Envoyé le: 08.04.2011.
 
“Nous y sommes” par Fred VARGAS.

 « Nous y voilà, nous y  sommes.
 Depuis cinquante ans que cette tourmente menace dans  les hauts-fourneaux de l’incurie de l’humanité, nous y  sommes.
 Dans le mur, au bord du gouffre, comme seul l’homme sait le faire avec brio, qui ne perçoit la réalité que lorsqu’elle lui fait mal.
 Telle notre bonne vieille cigale à  qui nous prêtons nos qualités d’insouciance, nous avons  chanté, dansé. Quand je dis « nous », entendons un quart de  l’humanité tandis que le reste était à la peine.
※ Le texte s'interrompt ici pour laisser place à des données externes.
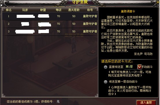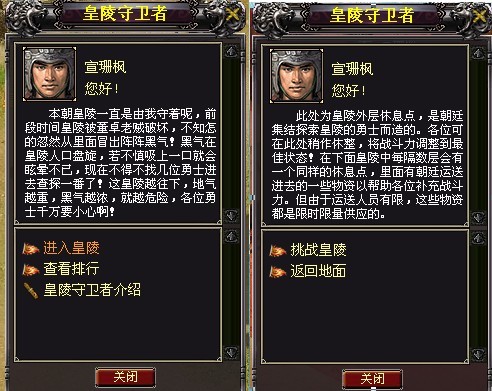 点击NPC对话,选择“进入皇陵”,这时进入的是皇陵休息室;在这里可以与NPC皇陵守卫者对话,选择“挑战皇陵”或者“返回地面”。
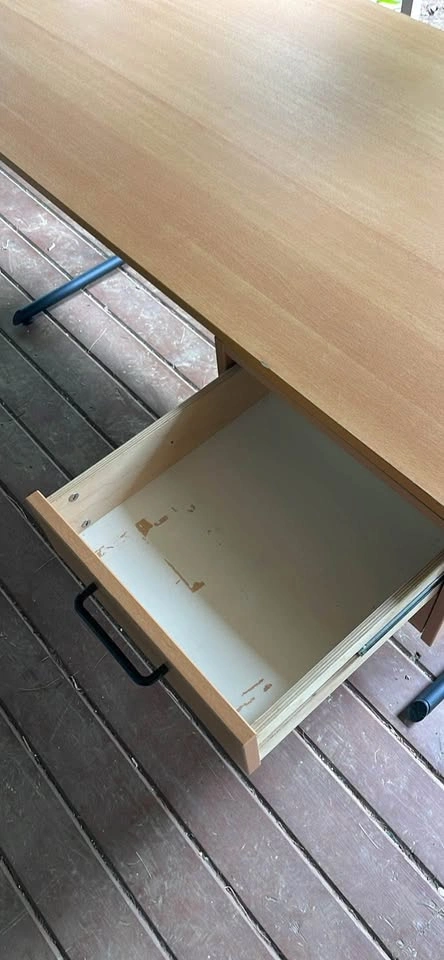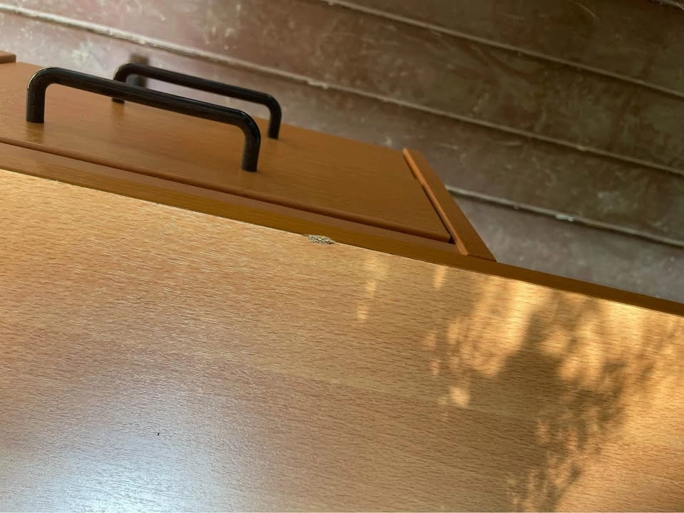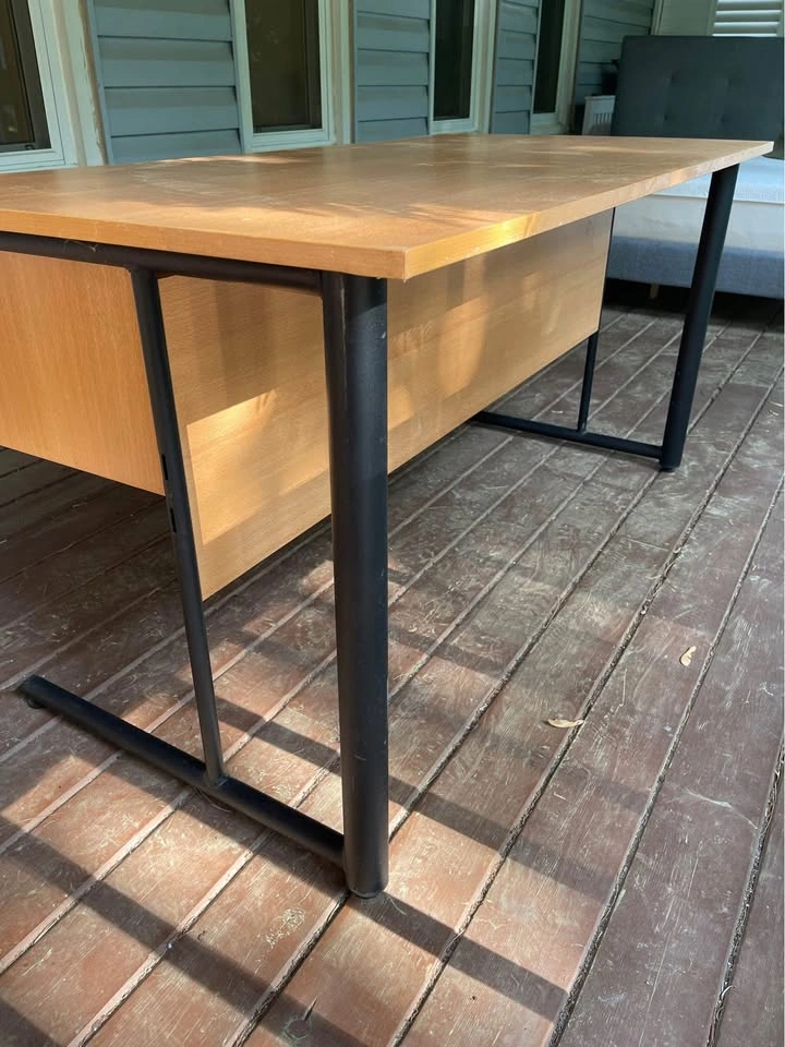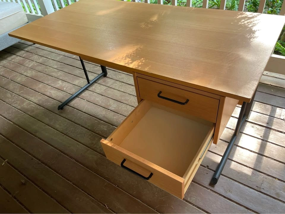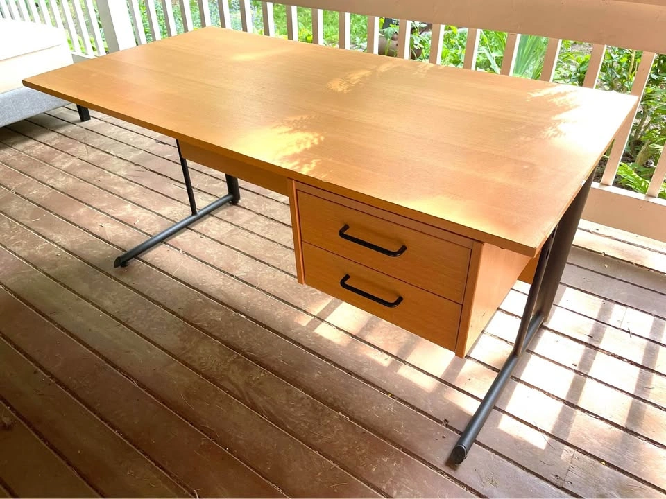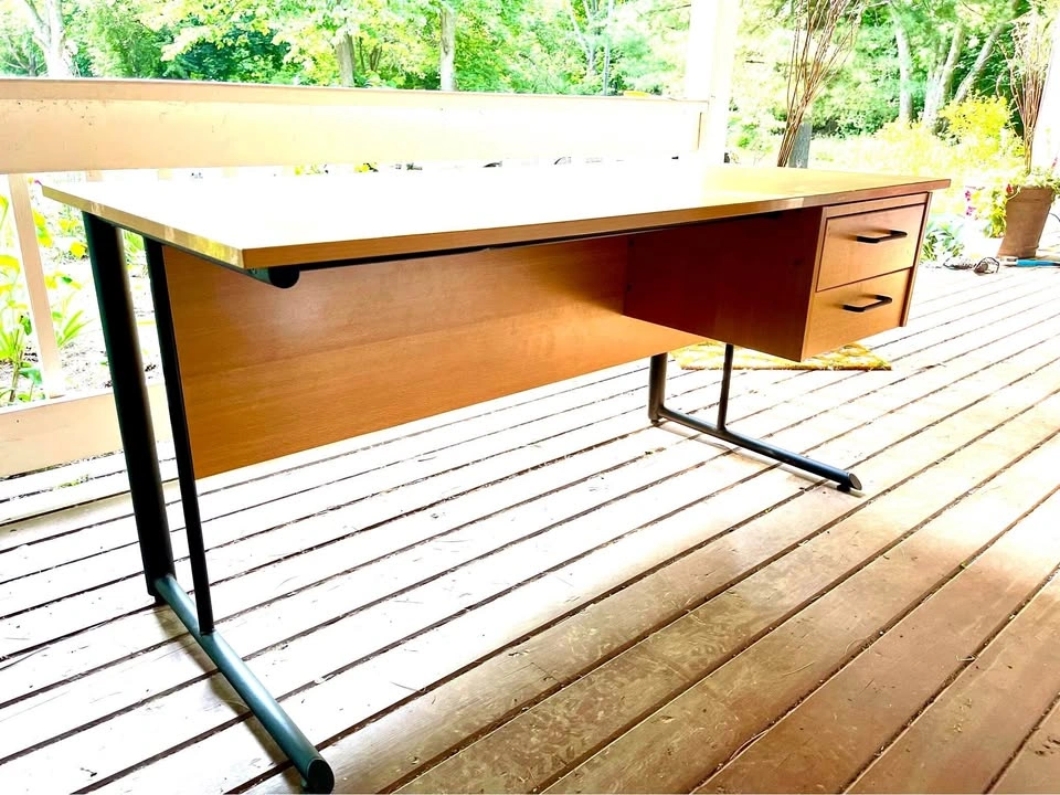 Friso Kramer design mid-century desk with 2 offset right drawers (can be re-configured to the left). Light coloured wood veneer with black metal frame and legs. Dimensions: 59” x 29.5” x 28”high. Privacy wall underneath. In very good condition except for following flaws: 2 small nicks in veneer top and some peeled off coating on the inside of one drawer. Please respond with amount offered, when you can pick up or if you need delivery. Questions beyond “is it available” are welcomed. I am located just outside of Kilbride, ON.
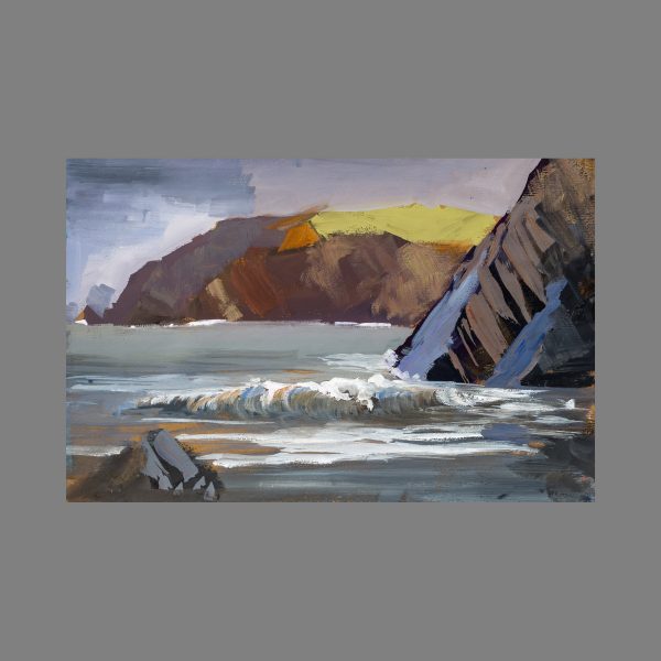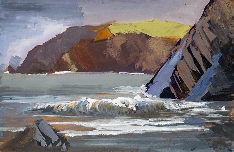 Lee Bay looking towards Ilfracombe, painted with a rich earthy palette. I finished the piece with bright white highlights to form the foaming waves rolling towards the shore.

Nous  avons construit la vie meilleure, nous avons jeté nos  pesticides à l’eau, nos fumées dans l’air, nous avons conduit  trois voitures, nous avons vidé les mines, nous avons mangé  des fraises du bout monde, nous avons voyagé en tous sens, nous avons éclairé les nuits, nous avons chaussé des tennis qui clignotent quand on marche, nous avons grossi, nous avons  mouillé le désert, acidifié la pluie, créé des clones,  franchement on peut dire qu’on s’est bien  amusés.
 On a réussi des trucs carrément épatants, très  difficiles, comme faire fondre la banquise, glisser des  bestioles génétiquement modifiées sous la terre, déplacer le  Gulf Stream, détruire un tiers des espèces vivantes, faire  péter l’atome, enfoncer des déchets radioactifs dans le sol, ni vu  ni connu. Franchement on s’est  marrés.
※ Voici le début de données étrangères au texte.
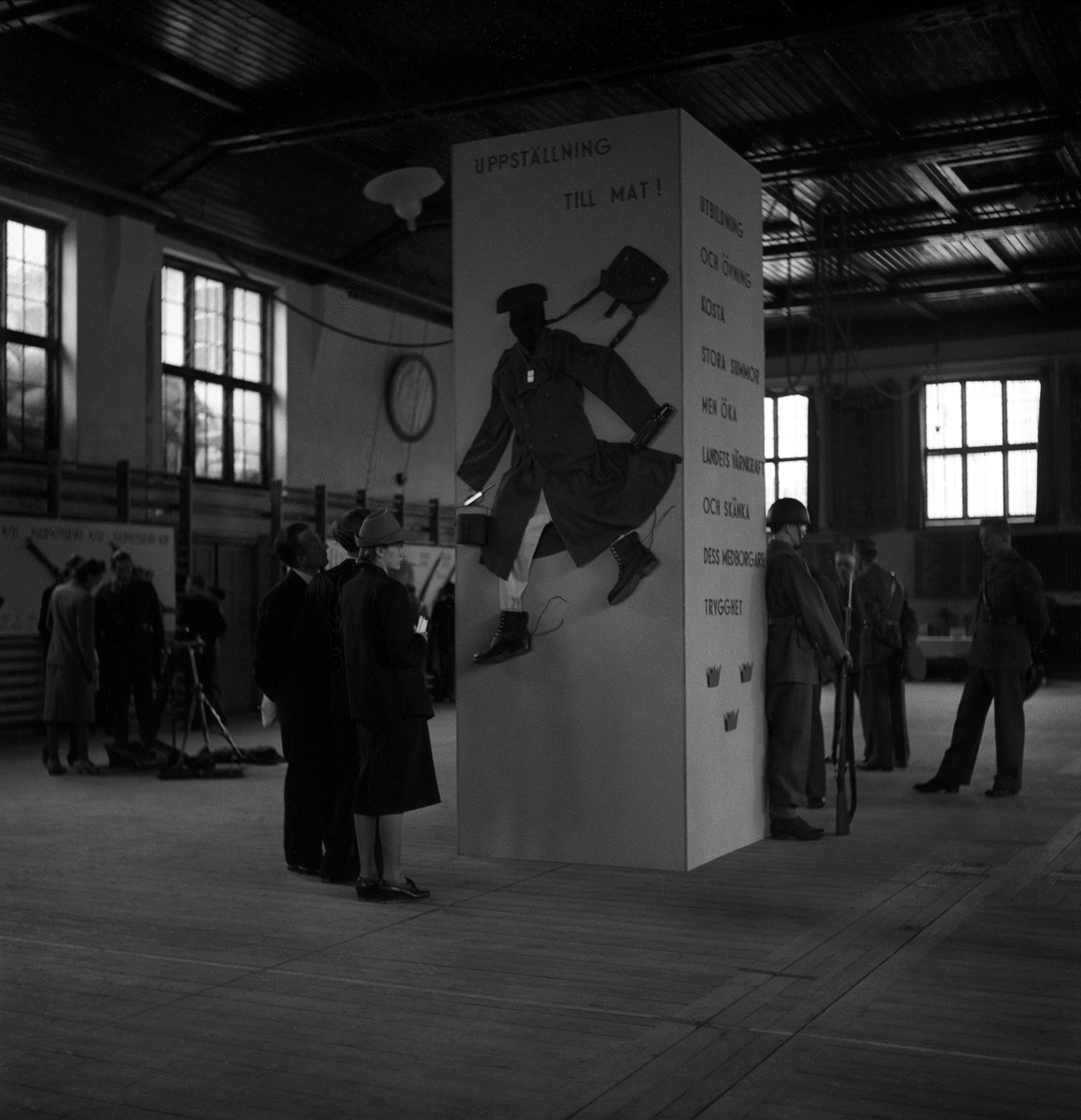 Försvarets dag. Foto av gymnastikhallen med utställning.

 Franchement on a bien profité.

 Et on  aimerait bien continuer, tant il va de soi qu’il est plus rigolo  de sauter dans un avion avec des tennis lumineuses que de biner des pommes  de terre.
 Certes.
 Mais nous y  sommes.
 A la Troisième Révolution.
 Qui a ceci  de très différent des deux premières ( la Révolution  néolithique et la Révolution industrielle, pour mémoire) qu’on ne l’a pas choisie.
 « On est obligés de la faire, la Troisième  Révolution ? » demanderont quelques esprits réticents et chagrins.Oui.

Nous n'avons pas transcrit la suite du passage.